The detection devices previously listed monitor and report on a specific change in the environment. These detectors can be grouped together to create alarm systems. There are four general types of alarm systems:

  • Local alarm systems. A local alarm system rings an audible alarm on the local premises that it protects. This alarm must be protected from tampering and must be audible for at least 400 feet. It also requires guards to respond locally to the intrusion.
  • Central station systems. Private security firms operate these systems, which are monitored around the clock. The central stations are signaled by detectors over leased lines. These stations typically offer many additional features, such as CCTV monitoring and printed reports, and the customers’ premises are commonly less than 10 minutes travel time away from the central monitoring office.
  • Proprietary systems. These systems are similar to the central station systems, except that the monitoring system is owned and operated by the customer.
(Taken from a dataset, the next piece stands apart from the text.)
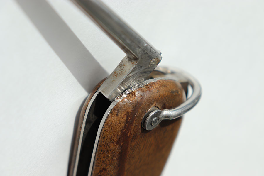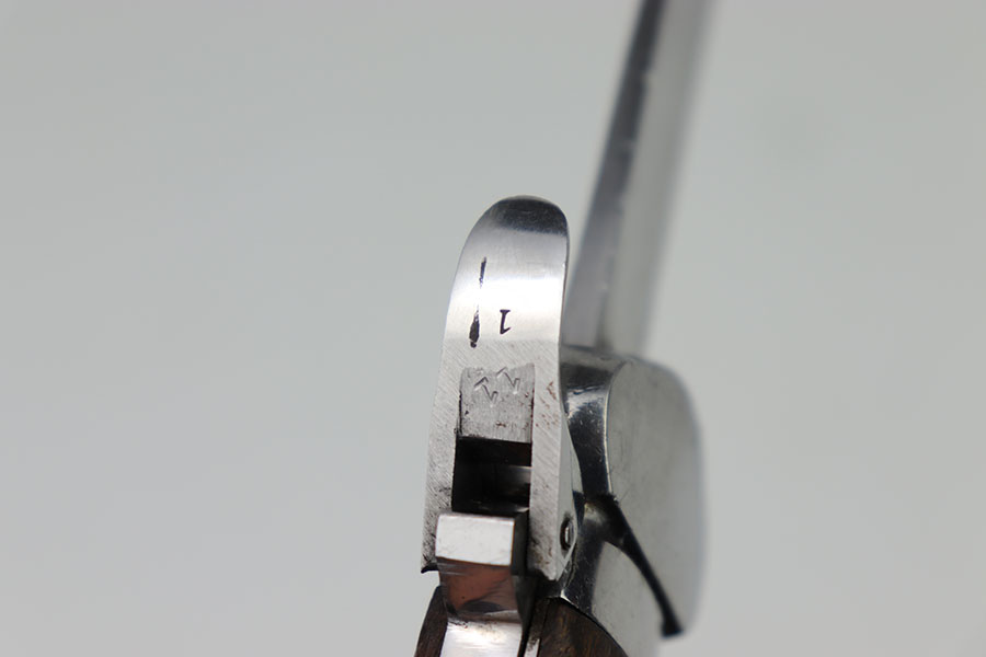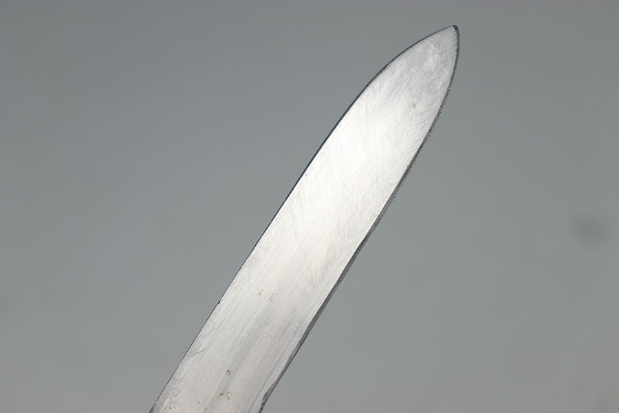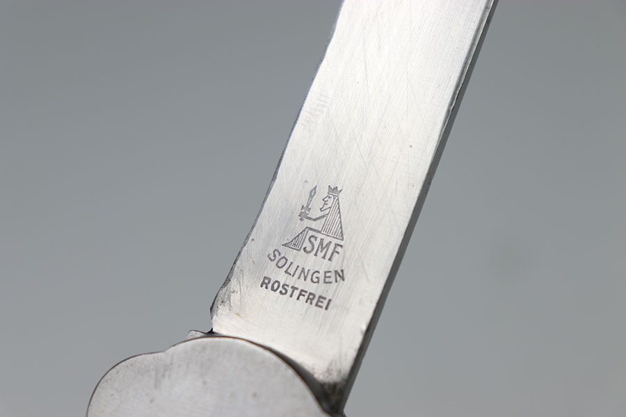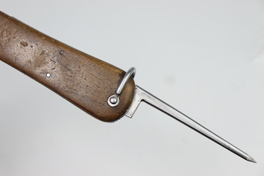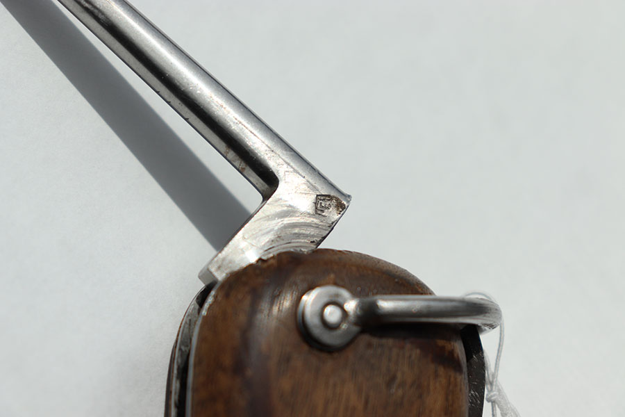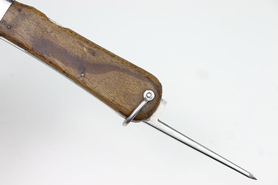3/28/24 – This is an excellent example of a Luftwaffe Paratrooper / Fallschirmjager Gravity Knife from WW2. This example has a clean blade, nice handle, smooth action, lockup, and functionality. The blade has some mild surface scratches and scuffs, but is clean throughout with a SMF maker stamp and visible cross-graining. Sharpened edge. The release lever and sidebar are matching numbered, and function well. The wood handle has no cracks. Although it does have three minor dents, one on the right and two on the left (see photos). The wood handle and frame has some chips/dents on the bottom right where the foldout spike pivots, mainly on the right side. The foldout spike is in excellent condition as well with a Luftwaffe proof stamp on the base.

They are like local alarms, except that a sophisticated computer system provides many of the features in-house that a third-party firm would provide with a central station system.
  • Auxiliary station systems. Any of the previous three systems may have auxiliary alarms that ring at the local fire or police stations. Most central station systems include this feature, which requires permission from the local authorities before implementation.

Two other terms related to alarms are:

  • Line supervision. Line supervision is a process where an alarm-signaling transmission medium is monitored to detect any line tampering to subvert its effectiveness. The Underwriters Laboratories (UL) standard 611-1968 states, “the connecting line between the central station and the protection shall be supervised so as to automatically detect a compromise attempt by methods of resistance substitution, potential substitution, or any single compromise attempt.” Secure detection and alarm systems require line supervision.
  • Power supplies. Alarm systems require separate circuitry and backup power with 24 hours minimum discharge time. These alarms help reduce the probability of an alarm system’s failure due to a power failure.

Computer Inventory Control

Computer Inventory Control is the control of computers and computer equipment from physical theft and protection from damage. The two main areas of concern are computer physical control and laptop control.

PC Physical Control

Due to the proliferation of distributed computing and the proliferation of laptops, inventory control at the microcomputer level is a major headache. Some groups estimate that 40 percent of computer inventory shrinkage is due to microcomputer parts “walking out the door.” Several physical controls must be taken to minimize this loss:

  • Cable locks. A cable lock consists of a vinyl-covered steel cable anchoring the PC or peripherals to the desk. They often consist of screw kits, slot locks, and cable traps.
  • Port controls. Port controls are devices that secure data ports (such as a floppy drive or a serial or parallel port) and prevent their use.
  • Switch controls. A switch control is a cover for the on/off switch, which prevents a user from switching off the file server’s power.
  • Peripheral switch controls. These types of controls are lockable switches that prevent a keyboard from being used.
  • Electronic security boards. These boards are inserted into an expansion slot in the PC and force a user to enter a password when the unit is booted. This is also a standard part of the Basic Input Output System (BIOS) of many off-the-shelf PCs. They may also be called cryptographic locks.

Laptop Control

The proliferation of laptops and portables is the next evolution of distributed computing and constitutes a challenge to security practitioners. Now the computing resources can be strewn all over the globe, and physical inventory control is nearly impossible for an organization without a substantive dedication of IT resources. A laptop theft is a very serious issue because it creates a failure of all three elements of C.I.A.: confidentiality, because the data can now be read by someone outside of a monitored environment; availability, because the user has lost the unit’s computing ability; and integrity, because the data residing on the unit and any telecommunications from it are now suspect.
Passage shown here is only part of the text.